* [Task details] Starting at the line below with "YPSM Chairman Photographed" and stopping at the line with "Figure 1: A", please print each line exactly, those two included, and skip every picture.

Records to use: Begin

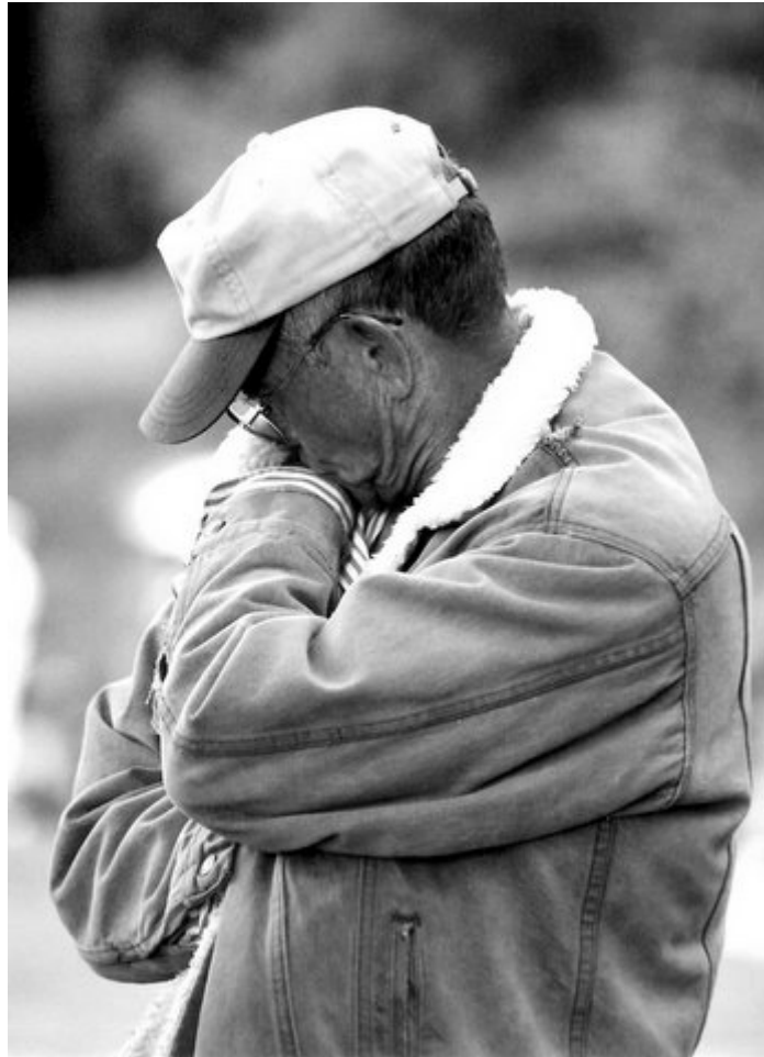
Vietnam veteran in grief while at the Vietnam Veterans Memorial in Portland, Oregon 1988.
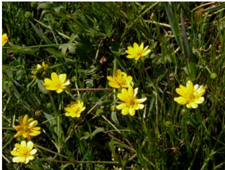
Ranunculaceae - Ranunculus californicus (California buttercup)
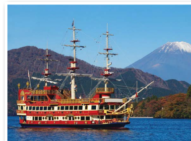
Lake Ashinoko Pirate Ship
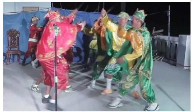
Figure 19. Screengrab of sword fight of Ilocos Sur

Dance Sequences. Both provinces included dance sequences, as they are an integral part of Comedia plays. Choreographed dance sequences are often included, featuring traditional or stylized dance forms. These dances add a visual spectacle to the performance and are closely coordinated with the live music.
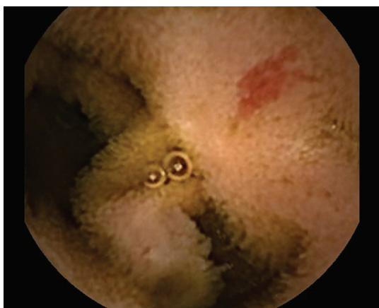
Figure 1. Angioectasia seen on Capsule Endoscopy.

A retrospective analysis of patients who underwent CE and enteroscopy at Mayo Clinic, Rochester, Minnesota, from September 2006 to June 2009 was performed. Study approval was obtained from the Mayo Clinic Institutional Review Board. The patients' electronic medical records, CE studies and endoscopic reports were reviewed. Clinical information, demographics, CE and enteroscopy data and images were
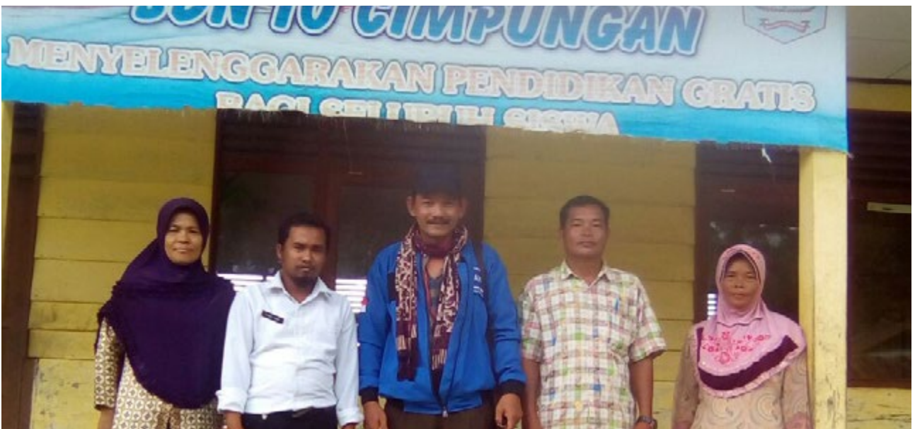
YPSM Chairman Photographed with SDN 10 Cimpungan School Parties
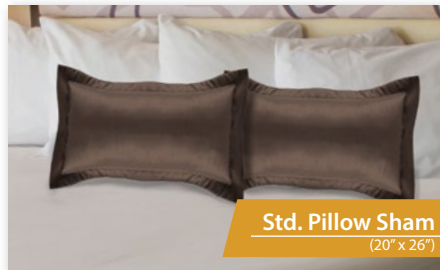
Std. Pillow Sham (20" x 26")
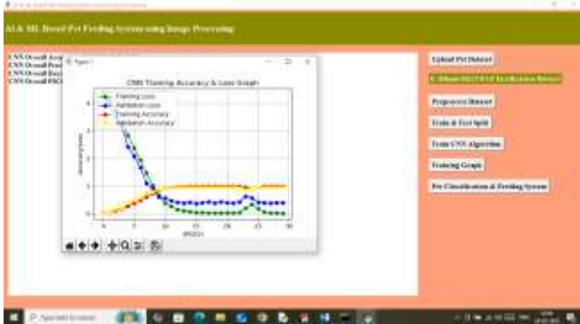
Fig. 2. Final Output Page

Shows training and validation accuracy and loss across epochs, indicating model performance improvement.
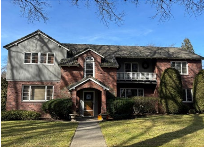
Figure 16: Window sash in this 1949 residence includes a picture window flanked by casement sash with horizontal muntins, sash that appears in a bank of four windows above. Oneida Place
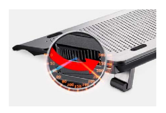
Fan speed controller
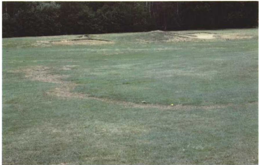
Figure 1: A characteristic fairy ring showing the stimulated growth area and deadened region at the outer edge.

A circular fairy ring develops because the fungi starts out from a central point and grows equally in all directions. The fungi break down the organic matter as they grow, releasing nitrogen (ammonia) that eventually is changed by other microorganisms to nitrate nitrogen. The nitrate nitrogen stimulates turfgrass growth within the ring (known as the zone of stimulation or activity zone). Turf may first appear dark green, but will eventually die if stressed by heat or drought (Fig. 1). Sometimes the turf may simply turn yellow or be stunted (Fig. 2). If the turf is adequately watered it usually will recover from the yellowing, but the stunting may remain. The yellowing, stunting and turf death within the ring has been attributed to a number of causes. Mushrooms are often found in the

Records to use: End

* [The answer]
YPSM Chairman Photographed with SDN 10 Cimpungan School Parties
Std. Pillow Sham (20" x 26")
Fig. 2. Final Output Page

Shows training and validation accuracy and loss across epochs, indicating model performance improvement.
Figure 16: Window sash in this 1949 residence includes a picture window flanked by casement sash with horizontal muntins, sash that appears in a bank of four windows above. Oneida Place
Fan speed controller
Figure 1: A characteristic fairy ring showing the stimulated growth area and deadened region at the outer edge.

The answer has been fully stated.